CLASH: (As Elmo) Why is Karli so sad?

UNIDENTIFIED ACTOR #1: (As Clem) She's having a hard time, Elmo. But we're here for her. We're her for-now parents.

CLASH: (As Elmo) What does for-now parents mean?

UNIDENTIFIED ACTOR #2: (As Dalia) Well, Elmo, Karli's mommy's been having a hard time, so we're her foster parents or her for-now parents. We will keep her safe until her mommy can take care of her again.

RACHEL MARTIN, HOST:

This week, Elmo learned why Karli's mom went away, and he learned a new word - addiction.

(SOUNDBITE OF TV SHOW, "SESAME STREET")

UNIDENTIFIED ACTOR #3: (As Louie) Addiction makes people feel like they need a grown-up drink called alcohol or another kind of drug to feel OK. That can make a person act strange, in ways they can't control.
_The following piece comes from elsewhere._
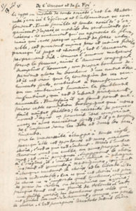 proprement dit est le sentiment qui en approche le plus. « La maternité échappe à toute règle, parce qu’elle est spontanée et sans aucun choix […] mais l’autre amour veut un culte au sens propre du mot », car il résulte d’un choix, « fruit de volonté » ; il faut de la volonté et « de la Fidélité pour bien jouer du violon, ou pour bien faire n’importe quoi, et certainement aussi pour bien penser. » Le plaisir de penser ne se conçoit pas sous la contrainte, « de même sous le serment on ne peut connaître le plaisir d’aimer. […] La Foi se passe de preuves. En toute action, il faut vouloir et croire. La Charité est un amour entièrement voulu, que porte l’Espérance, mais c’est la Foi qui porte les deux. Et la Foi est de volonté en quoi elle s’oppose à la croyance, qui n’est que de nature ». Il reste que « la Maternité représente le mieux toute la perfection possible de nos sentiments et même de nos pensées. Et il y a une parenté profonde entre les sentiments religieux et les sentiments familiaux »… etc. .Une bande de papier collée à la fin de la lettre dissimule quelques lignes d’envoi de ce « deuxième chapitre ».

SHERRY WESTON: The opioid crisis today, people don't stop and think, what does that mean to the young children?

MARTIN: That second voice there, that's Sherry Weston of Sesame Workshop. Karli's story is appearing on the website Sesame Street in Communities.

WESTON: With everything we do - we do research, we start with advisories and we began hearing from our partners who work directly with vulnerable children and family about certain prevalent issues that were having a negative impact on young children.

MARTIN: "Sesame Street" has not shied away from tough issues. It's dealt with homelessness, autism and incarceration. Weston says the timing was right to talk to kids about addiction.

WESTON: To see that Karli has a similar experience can be very powerful and very comforting and help them feel less alone.

(SOUNDBITE OF TV SHOW, "SESAME STREET")

CLASH: (As Elmo) Will Karli's mommy get better?

UNIDENTIFIED ACTOR #3: (As Louie) Well, she's working hard on it. She's taking good care of her body and mind so she can stay healthy and make good choices.

CLASH: (As Elmo) Oh, good. Elmo's really happy for her.

UNIDENTIFIED ACTOR #3: (As Louie) Oh, me, too, son.

GREENE: Sherry Weston says the story of Karli and her mom is going to keep developing and growing.

WESTON: Well, Karli is still in foster care, and her mother is in treatment, but she's also in recovery. So we're always creating storylines where there is optimism and hope and there are sunny days ahead.

GREENE: And you can follow Karli's story and her mom's story if you go to the website sesamestreetincommunities.org.